I read a nice article yesterday on Facebook about how its writer beat her battle with an eating disorder and what turning 30 means to her this year. I guess I’ve read enough articles to know what I should and shouldn’t do, and how life springs forth the minute we let go of the ED. The journey, however, is one that tends to make the ED sufferer feel like they are at the losing end, especially at the beginning. Endless days of feeling disgust at gaining weight, bloatedness that never seems to go away, self-loathing at how ill-disciplined they may feel at exercising less and eating more.
Isn’t there a saying that goes, “A journey of a thousand miles begins with a single step“? That first step is often the hardest to take no matter how many people may be egging you on, shouting endless encouragement and giving boundless support to you. In my mind, it’s always easier to think that tomorrow will make all the difference. Truth is, it never does.

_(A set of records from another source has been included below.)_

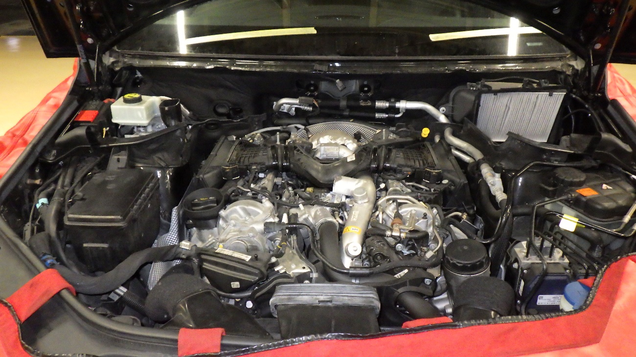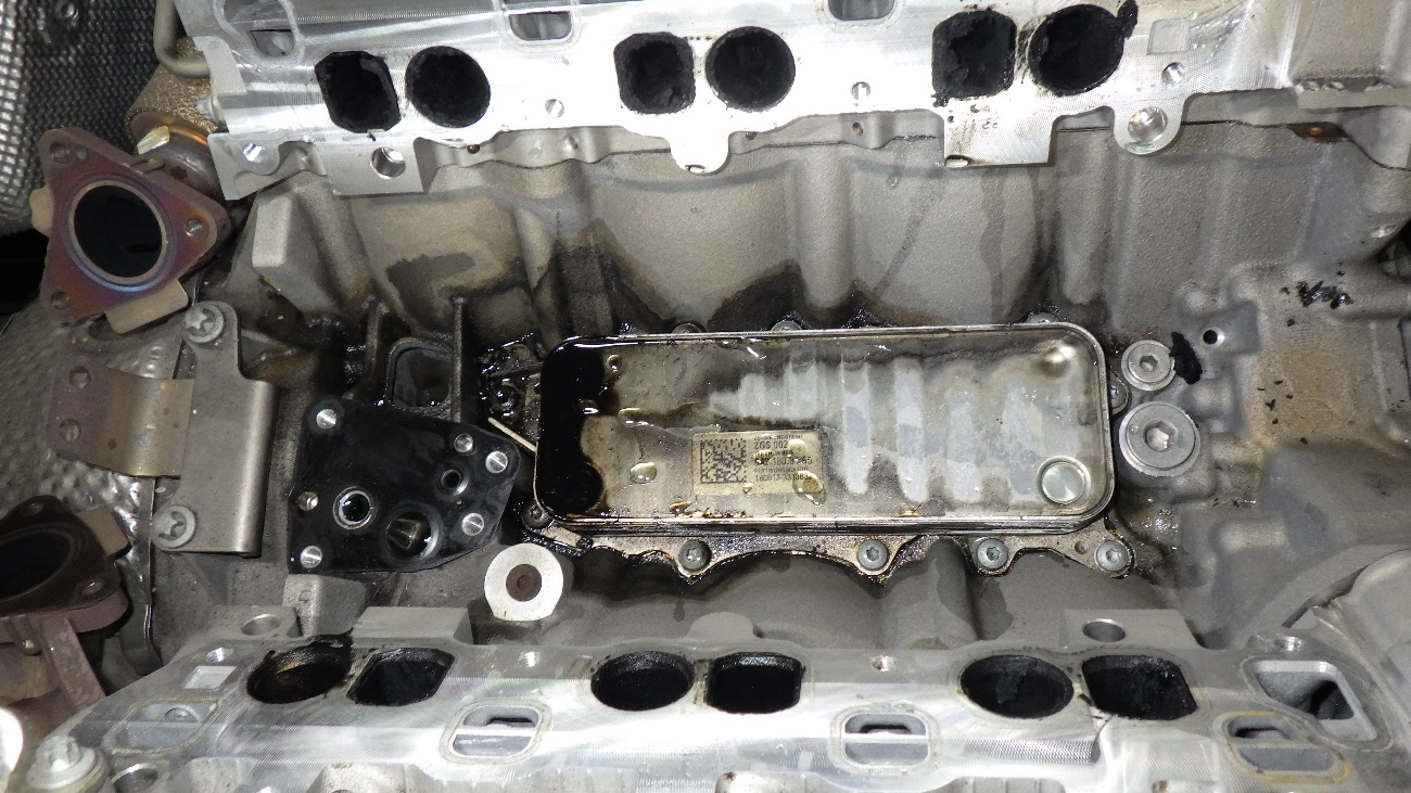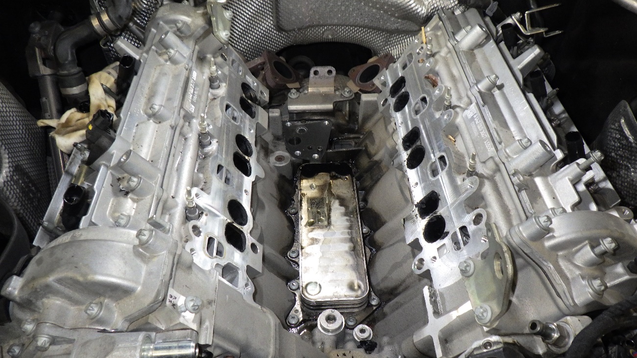 診断させていただいた結果、V型エンジンの間のオイルクーラーからエンジンオイルが漏れておりました。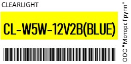 | 118210 | CLEARLIGHT | CL-W5W-12V2B(blue) | CLEARLIGHT CL-W5W-12V2B(blue) / CLW5W12V2B(blue) Лампа 12V W5W T10 W2.1x9.5d блистер (2шт.) | 28 | 85 | Под заказ за ~5 дней. ЦЕНА ДАННОЙ ПОЗИЦИИ УКАЗАНА БЕЗ УЧЕТА ДОСТАВКИ ВО ВЛАДИВОСТОК! |  |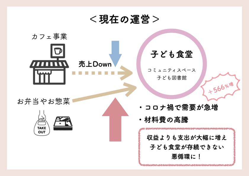 それとは相反し、子ども食堂利用の急増、および材料費の高騰により、このままでは活動を続けていくことが困難となりました。

Thursday evening, Flo decided to take me out for dinner. Only a couple of months ago, I considered Japanese food as pretty much on my ‘safe’ list. Yet, I found myself feeling horrible about what I’d eaten. We’d shared a portion of Chawanmushi, Salmon Sashimi, and a Saba Shioyaki Set. I usually love sashimi but Wasabi Tei, the restaurant we went to, cuts theirs in generous, thick slabs. And while I enjoyed it, ED didn’t. All I could think about after was how much salmon I’d just ingested.
I know how blessed I am in that Flo never holds back on telling how much he loves me. And almost every day, he will remind me that he will accept me in whatever shape or form I come in simply because he loves who I am. I joked that if that were the case, then he should be perfectly happy with the shape and form I am in at present, but of course, I know that he means it doesn’t matter how I look as long as I’m healthy.
It’s funny how everyone can tell me that I am enough and mean it, and yet, I remain so harsh on myself. Every so often, Mum reminds me that I have so much going for me – a wonderful man, parents who support me unconditionally, a little business in baking that I love running, a good degree that I can fall back on, and uhm.. usually she adds good looks to the list as well but I’m a little embarrassed to put that in although I kind of just did.
At what point do we say to ED that enough is enough? At what point can I tell myself that I am enough? Not long ago, I read an excerpt from Beating Eating Disorders’ Facebook page that I happened to start following a couple of weeks back. One part read “You could be seconds from dropping dead and it (ED) will still tell you, you are not sick enough… It’s a life-threatening mental illness with one intention: to kill you“. Completely true.
How much more do I have to lose before it’s enough for ED? It will never be enough. I have to realise and accept that I am enough without relying on ED for approval of my own self-destruction. I no longer have reason to hold on to a disorder that only puts me in good standing to lose all that I have around me right now, and dangles false promises to me that somehow life will be perfect if I lose a bit more… and a bit more… and a bit more.